When is a seven-hour play shorter than a one-hour performance? It's a question of rhythm
How long is a long play? This question, provoked by the opening of Robert Lepage's seven-hour vignette The Seven Streams of the River Ota and Harold Pinter's hour-long marathon Ashes to Ashes, is not one that a stopwatch will help you answer. The longest play I ever saw, for example, was a two-hour production of an existential drama in east Beirut. When the play was over I had to return to west Beirut, through checkpoints manned by heavily-armed men whose attitude to existential drama was likely to be equivocal, at the very best. I felt that every second of stage time added to their potential impatience. It was similar to the anxiety of missing the last bus home, with the added possibility that the conductor might shoot at you from the platform.
By contrast, the five-and-a-half hour production of Hamlet that I saw in Bucharest was a breeze. The naps helped, naturally, but there was something else besides - an air of rapt, unrestive attention in an auditorium so full that people were sitting in the aisles.
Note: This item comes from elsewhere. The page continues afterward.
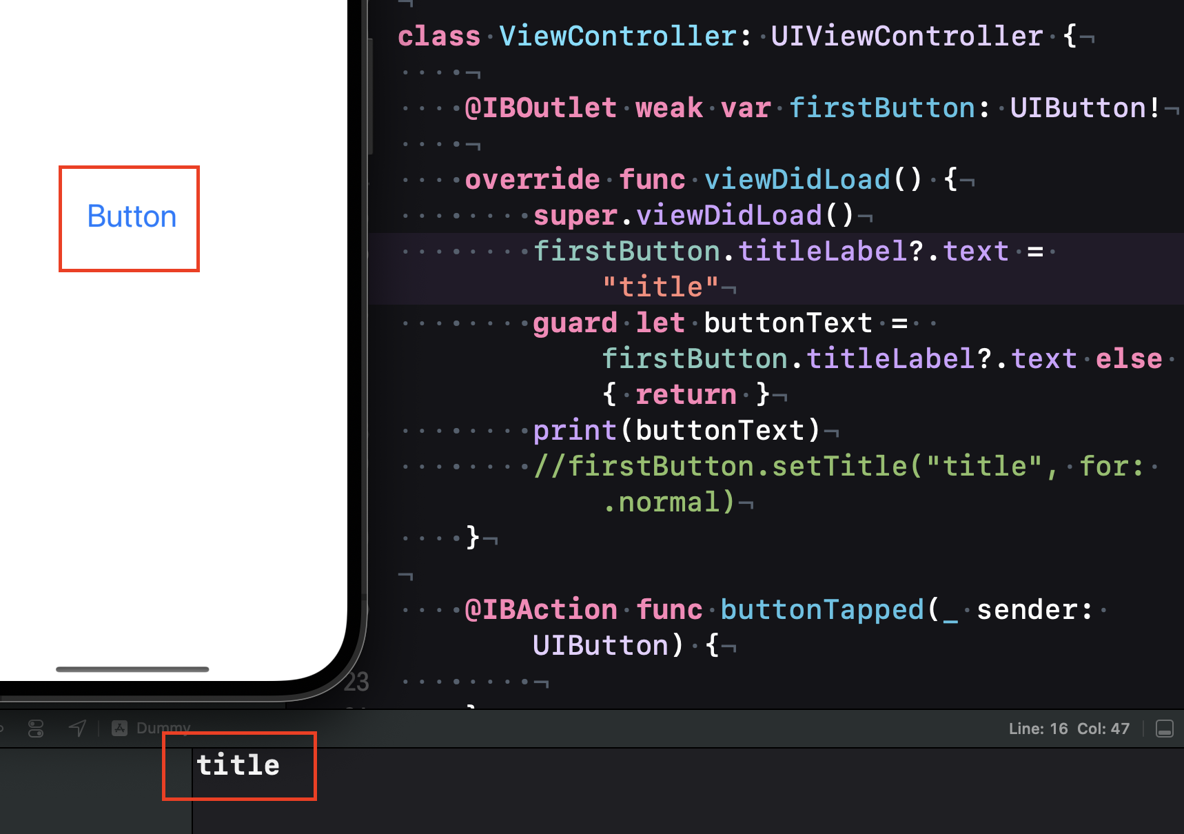 // guard let buttonText = firstButton.titleLabel?.text else { return }

When the curtain calls had finally ended it became clear what had distilled such patience.
The audience emerged from the theatre into what was a tedious commonplace for them but magically strange for a western visitor - a capital city as dark as a country wood. Here and there a dim gleam shone through thin curtains but there wasn't enough electricity for street lights, let alone neon, and there was nothing in the shopfronts worthy of illumination. Above the dark rooflines of apartment blocks and offices you could see the stars shining, undimmed by the glow-worm light of pocket torches, which people were using to pick their way home. Had the performance been even longer this audience would probably have been grateful; nothing else was waiting for their attention.
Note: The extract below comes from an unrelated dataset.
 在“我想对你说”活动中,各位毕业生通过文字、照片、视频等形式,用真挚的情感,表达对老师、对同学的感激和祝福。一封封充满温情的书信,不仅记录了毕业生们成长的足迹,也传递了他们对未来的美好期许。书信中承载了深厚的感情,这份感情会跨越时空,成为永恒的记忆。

Strictly speaking, both of those examples represent trivial cases - or at least non-theatrical influences on our perception of duration. When it comes to internal adjustments of the sense of time, matters become a little more complex. While stage-time isn't clock-time, for example, it nevertheless obeys a kind of rhythm - Harold Pinter's famous pauses wouldn't even be detectable as such unless we were somehow aware that speech had arrived late, behind the beat. Any regular audience becomes trained to certain intervals and the machinery that governs those intervals may be buried very deep.
In his essay The Duration of the Present Moment, the Czech poet Miroslav Holub writes about the psychological finding that the clock of human perception seems to tick about every three seconds. Asked to reproduce an audible signal, most people will unconsciously extend anything that is under two seconds, become notably more accurate with signals between two and three seconds and then start to shorten signals over three seconds. Holub points out that an analysis of formal poetic metre seems to show an obedience to this internal metronome - what he calls a "carrier wave".
There are other suggestions, too: writing about the notorious slowness of Noh drama, William Empson builds his explanation of its effect round another bodily clock, arguing that the accompanying music governs your emotional responses: "A rhythm quicker than the heartbeat," he writes, "is one that you seem to control, or that seems controlled by some person: the apparently vast field of our music is always the frankness of the West, always the individual speaking up. Music based on rhythms slower than the heartbeat can carry a great weight of emotion and even of introspection ... but it remains somehow impersonal."
If theatrical speech obeys the law of the moment, there are larger-scale units that play their part, too - culturally reinforced rhythms of dialogue, scenes, even of incident. And different playwrights will use these rhythms in different ways. Extra duration, for example, offers the writer two opposed possibilities - the chance to get more in or to leave less out. They can, that is, either maintain the convention of artistic compression and use the extra time for more events or they can break the convention of ellipsis altogether and present an event "uncut". Lepage does both, accelerating to include large spans of historical time but occasionally slamming on the brakes to stretch out an important detail - as in the preparations for an assisted suicide. This means that the ratio of stage- time to imagined time is never fixed, something that may well help to diminish the audience's subjective sense of how long they have been there. In the Pinter, by all accounts, the ratio is more consistent - with events on stage seeming to take slightly longer than they would in life. Which may explain why some critics have experienced seven hours as rather shorter than an hour. The wise question, then, is not "how long is it?" but "is it syncopated or just late on the beat?".